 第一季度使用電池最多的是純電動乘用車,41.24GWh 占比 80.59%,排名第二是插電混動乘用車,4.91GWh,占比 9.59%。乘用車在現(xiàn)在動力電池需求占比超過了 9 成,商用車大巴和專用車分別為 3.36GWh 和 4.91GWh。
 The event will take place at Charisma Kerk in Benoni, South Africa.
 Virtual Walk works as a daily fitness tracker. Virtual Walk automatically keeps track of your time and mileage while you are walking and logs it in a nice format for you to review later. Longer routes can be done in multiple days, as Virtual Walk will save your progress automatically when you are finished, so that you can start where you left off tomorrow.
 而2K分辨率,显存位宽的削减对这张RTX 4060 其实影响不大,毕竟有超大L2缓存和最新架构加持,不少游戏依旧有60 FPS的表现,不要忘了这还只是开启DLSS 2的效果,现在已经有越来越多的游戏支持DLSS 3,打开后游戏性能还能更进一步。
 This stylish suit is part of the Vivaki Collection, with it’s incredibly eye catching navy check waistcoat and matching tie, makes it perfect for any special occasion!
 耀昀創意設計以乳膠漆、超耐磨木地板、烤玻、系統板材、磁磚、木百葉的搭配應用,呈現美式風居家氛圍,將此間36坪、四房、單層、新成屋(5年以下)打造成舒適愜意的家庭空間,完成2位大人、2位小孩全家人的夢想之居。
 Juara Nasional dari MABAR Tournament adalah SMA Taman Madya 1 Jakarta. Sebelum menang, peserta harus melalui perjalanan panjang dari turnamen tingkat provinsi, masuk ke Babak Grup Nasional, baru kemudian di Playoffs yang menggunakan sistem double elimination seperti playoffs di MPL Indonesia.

---

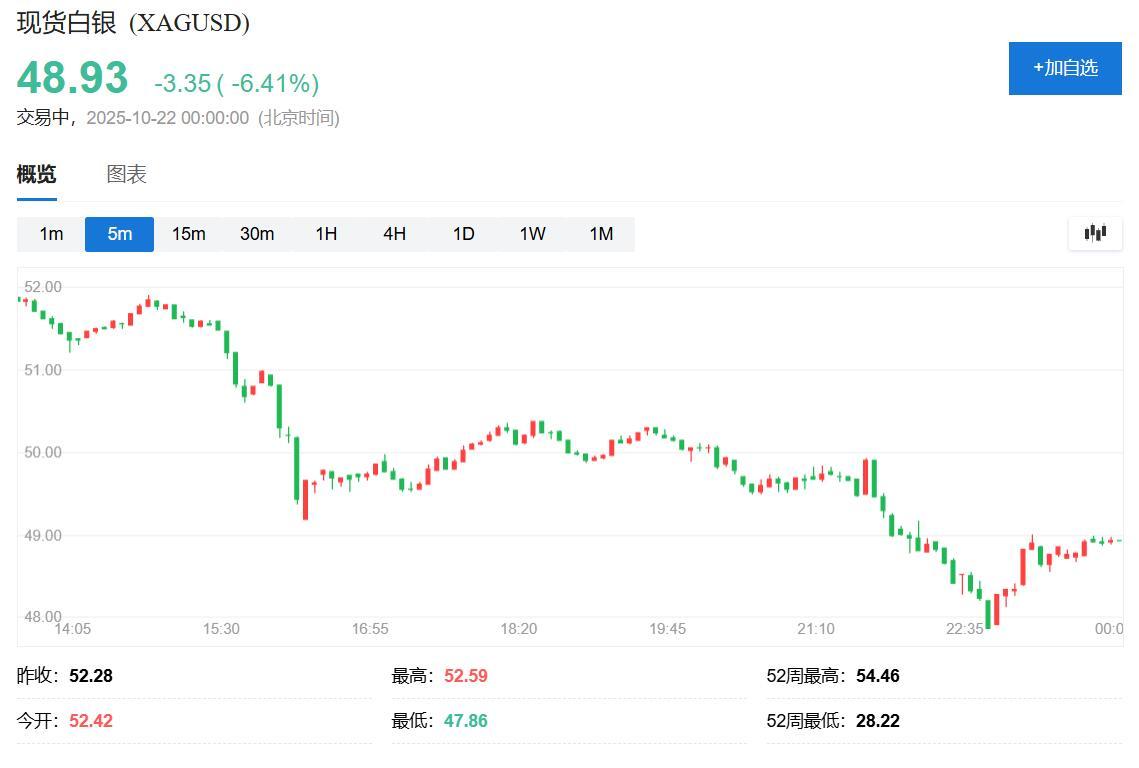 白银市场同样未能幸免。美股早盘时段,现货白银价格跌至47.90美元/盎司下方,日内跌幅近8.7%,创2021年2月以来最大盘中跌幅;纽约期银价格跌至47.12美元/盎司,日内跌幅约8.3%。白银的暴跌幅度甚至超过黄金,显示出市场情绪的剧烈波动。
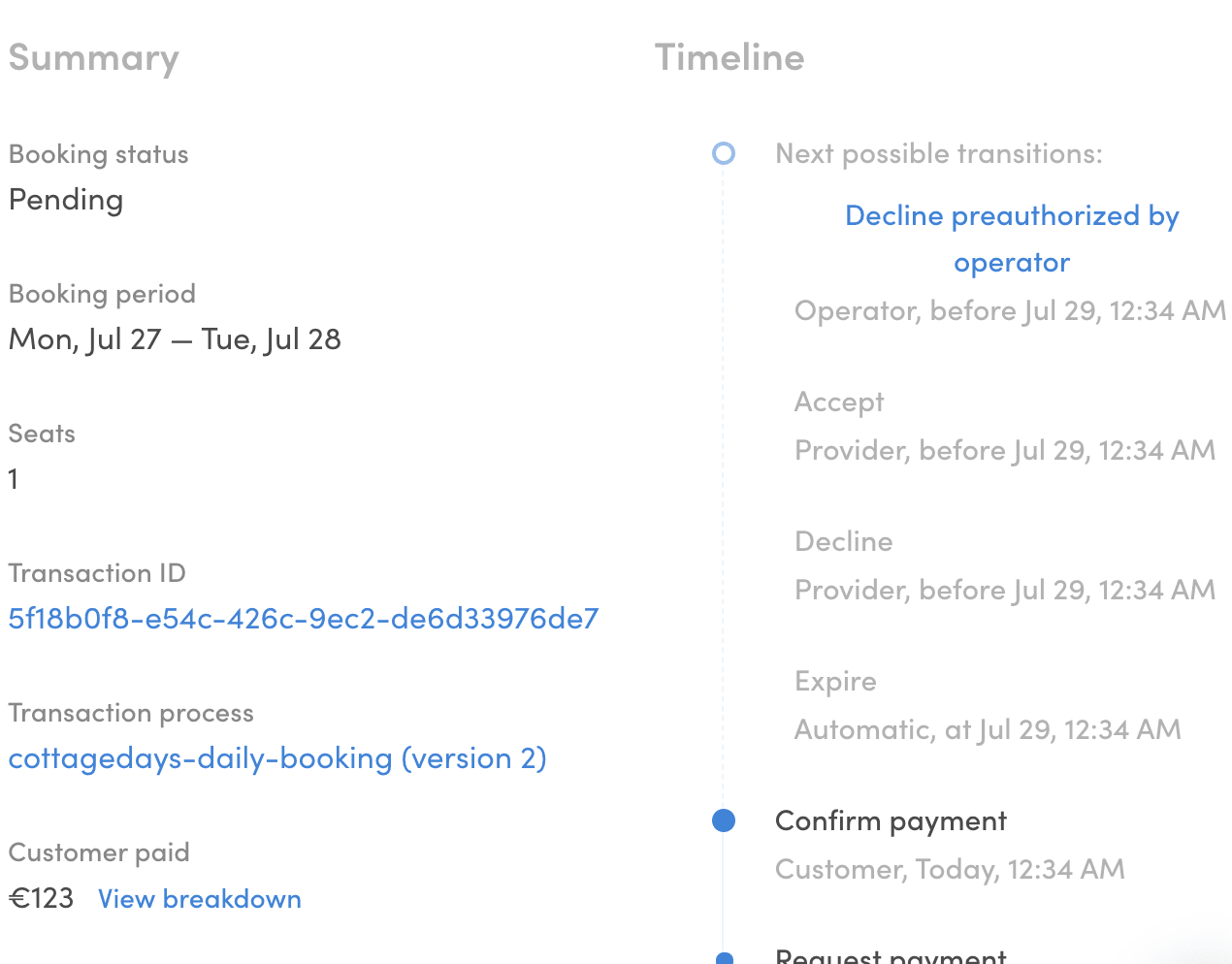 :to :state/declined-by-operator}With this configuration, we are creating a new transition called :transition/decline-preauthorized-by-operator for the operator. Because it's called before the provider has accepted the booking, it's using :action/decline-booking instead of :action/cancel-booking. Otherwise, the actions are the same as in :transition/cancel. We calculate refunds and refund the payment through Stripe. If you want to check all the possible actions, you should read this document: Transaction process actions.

--

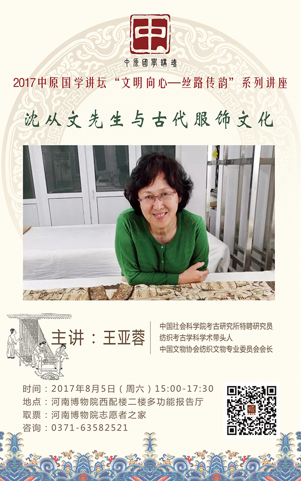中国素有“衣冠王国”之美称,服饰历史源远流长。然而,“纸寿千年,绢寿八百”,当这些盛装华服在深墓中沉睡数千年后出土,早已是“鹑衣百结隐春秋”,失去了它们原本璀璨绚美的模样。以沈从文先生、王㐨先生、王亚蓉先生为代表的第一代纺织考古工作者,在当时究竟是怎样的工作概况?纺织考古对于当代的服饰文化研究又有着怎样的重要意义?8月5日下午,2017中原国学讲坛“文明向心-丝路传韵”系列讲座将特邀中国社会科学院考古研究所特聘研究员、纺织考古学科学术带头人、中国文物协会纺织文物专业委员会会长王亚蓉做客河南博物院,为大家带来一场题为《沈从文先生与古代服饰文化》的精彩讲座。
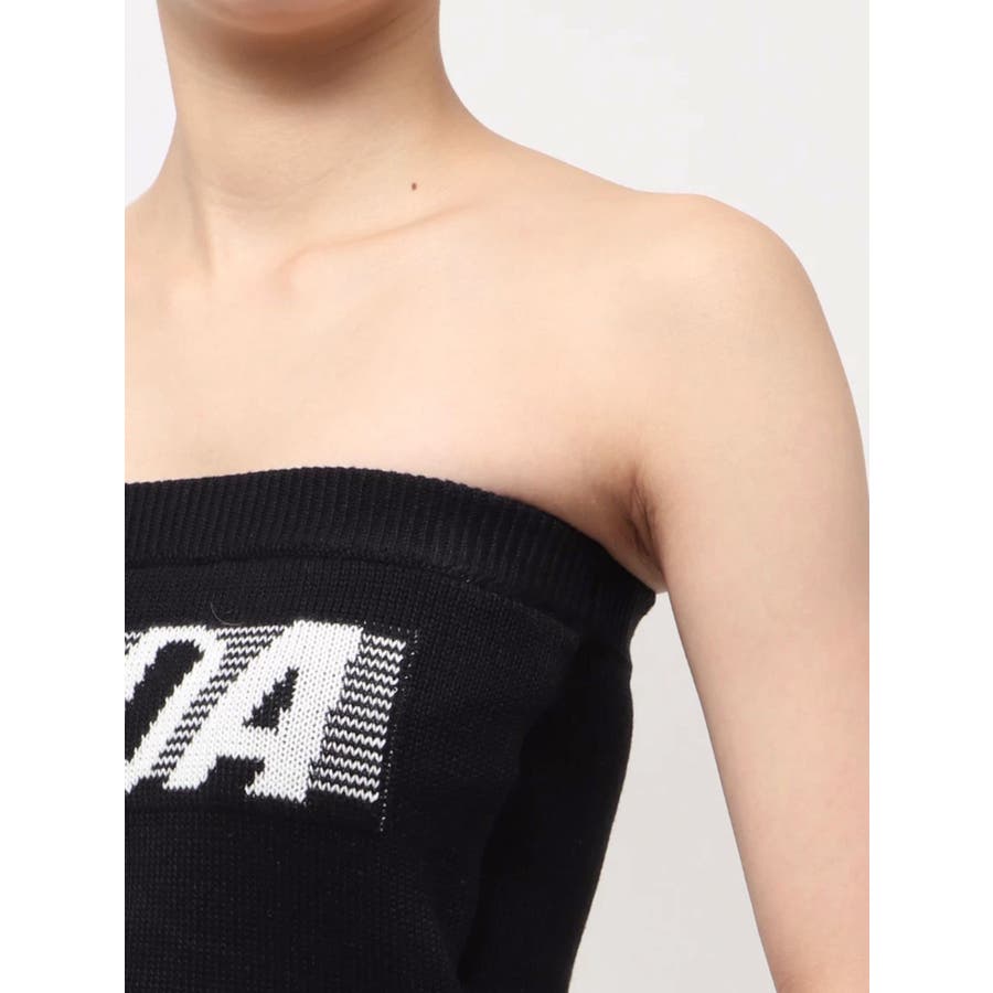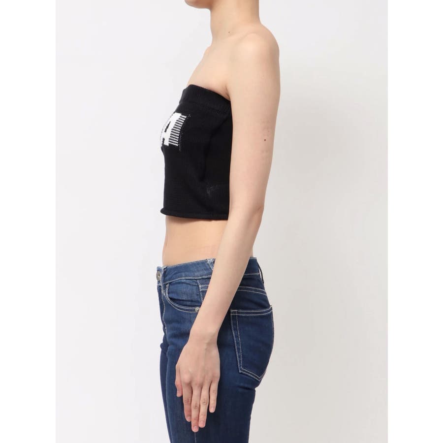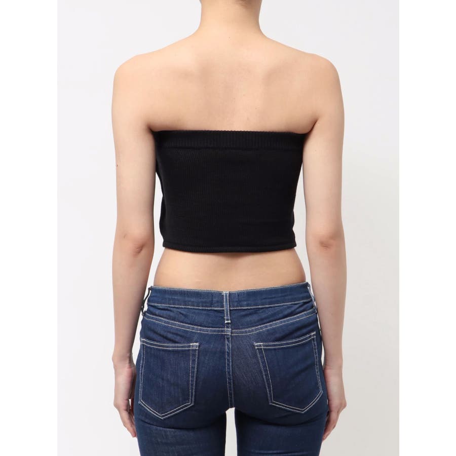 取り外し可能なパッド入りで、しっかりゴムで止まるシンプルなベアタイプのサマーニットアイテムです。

▶ **Task requirements**:
Of the entries listed above, reproduce only the lines starting at the line containing "第一季度使用電池最多的是純電動乘用車,41.24GWh 占比 80.59%,排名第二是插電混動乘用車,4.91GWh,占比" and ending at the line containing "而2K分辨率,显存位宽的削减对这张RTX 4060 其实影响不大,毕竟有超大L2缓存和最新架构加持,不少游戏依旧有60". Include both, exactly as they stand.

▶ **Solution to this problem**:
 第一季度使用電池最多的是純電動乘用車,41.24GWh 占比 80.59%,排名第二是插電混動乘用車,4.91GWh,占比 9.59%。乘用車在現(xiàn)在動力電池需求占比超過了 9 成,商用車大巴和專用車分別為 3.36GWh 和 4.91GWh。
 The event will take place at Charisma Kerk in Benoni, South Africa.
 Virtual Walk works as a daily fitness tracker. Virtual Walk automatically keeps track of your time and mileage while you are walking and logs it in a nice format for you to review later. Longer routes can be done in multiple days, as Virtual Walk will save your progress automatically when you are finished, so that you can start where you left off tomorrow.
 而2K分辨率,显存位宽的削减对这张RTX 4060 其实影响不大,毕竟有超大L2缓存和最新架构加持,不少游戏依旧有60 FPS的表现,不要忘了这还只是开启DLSS 2的效果,现在已经有越来越多的游戏支持DLSS 3,打开后游戏性能还能更进一步。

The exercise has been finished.